TASK PROMPT:
Among the lines below, the one containing "Table 3: Association" opens the range and the one containing "ベルの連続入賞で画面下部の天" closes it. Print that range exactly, without the pictures.

(Records from a collection)
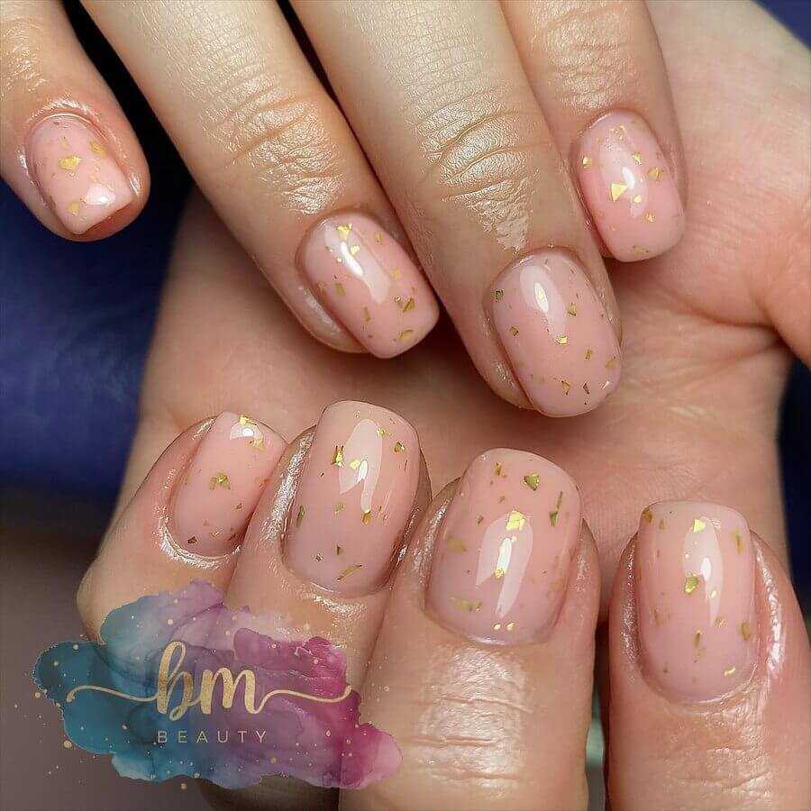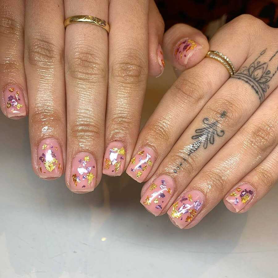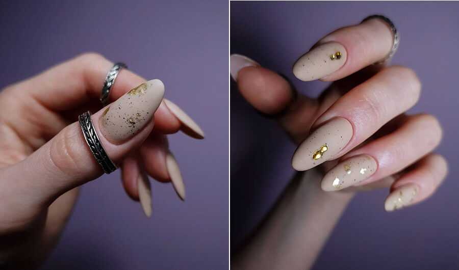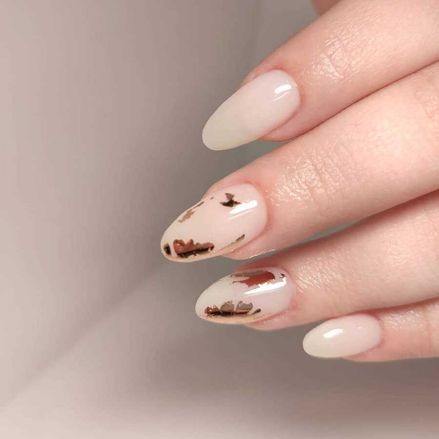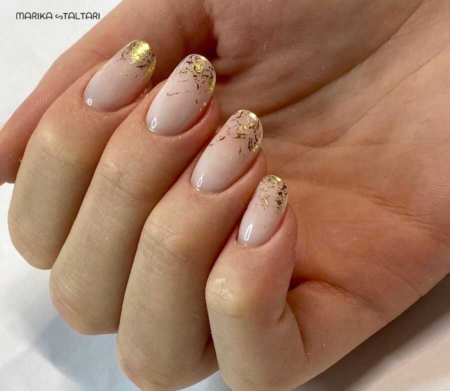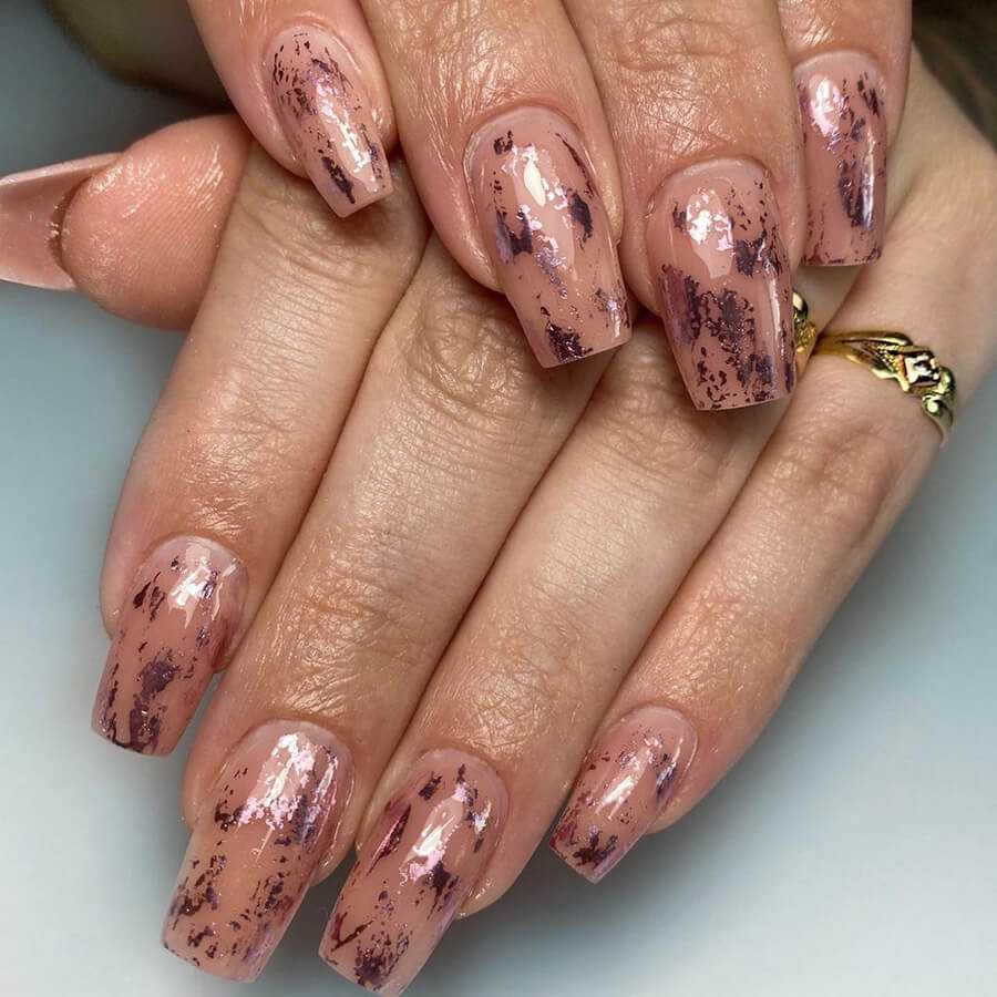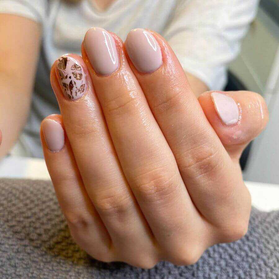 Нюд с фольгой. Нюд помогает сгладить яркость фольги и уравновешивает дизайн. В таком случае фольга наносится не на весь ноготь, а только сверху или снизу. Получается нежная и красивая абстракция. Отлично сочетается сусальная фольга (золотистая, серебристая) с бежевым оттенком. Можно попробовать и дополнительные элементы дизайна в виде страз.
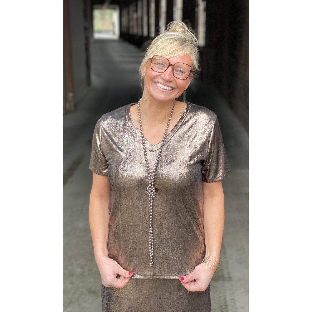T-shirt V fluide brillant
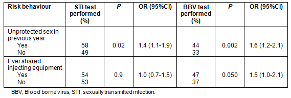 Table 3: Association between reported risk behaviours for sexually transmitted infections (STI) and blood borne viruses (BBV) and the performance of BBV and STI testing
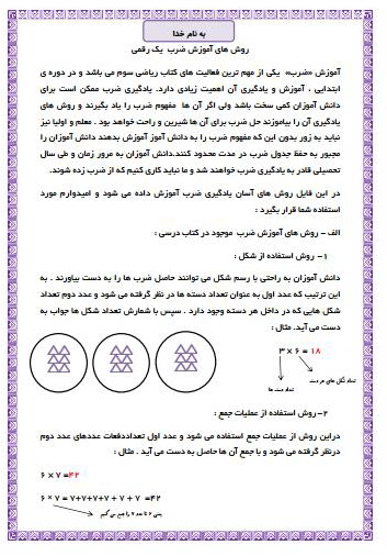 در این فایل روش های آموزش ضرب برای دانش آموزان کلاس سوم تهیه شده است که شامل موارد زیر است :
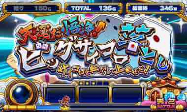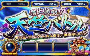 ベルの連続入賞で画面下部の天竺メーターが貯まり、MAXになると突入するバトル演出。天竺王撃破時は大量上乗せ、または継続率のランクアップのチャンス。
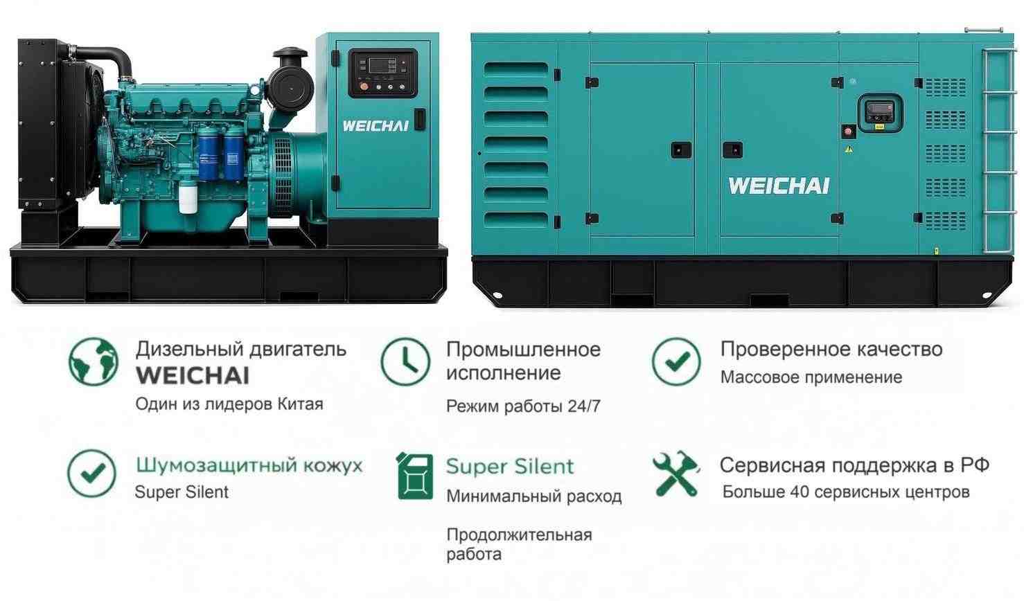 Генераторы Weichai — надёжные и мощные установки на базе китайских двигателей. Подходят для промышленности, строительства, морских и транспортных объектов. Обеспечивают стабильное питание, экономичны и просты в обслуживании.

OUTPUT BELOW:
 Table 3: Association between reported risk behaviours for sexually transmitted infections (STI) and blood borne viruses (BBV) and the performance of BBV and STI testing
 در این فایل روش های آموزش ضرب برای دانش آموزان کلاس سوم تهیه شده است که شامل موارد زیر است :
 ベルの連続入賞で画面下部の天竺メーターが貯まり、MAXになると突入するバトル演出。天竺王撃破時は大量上乗せ、または継続率のランクアップのチャンス。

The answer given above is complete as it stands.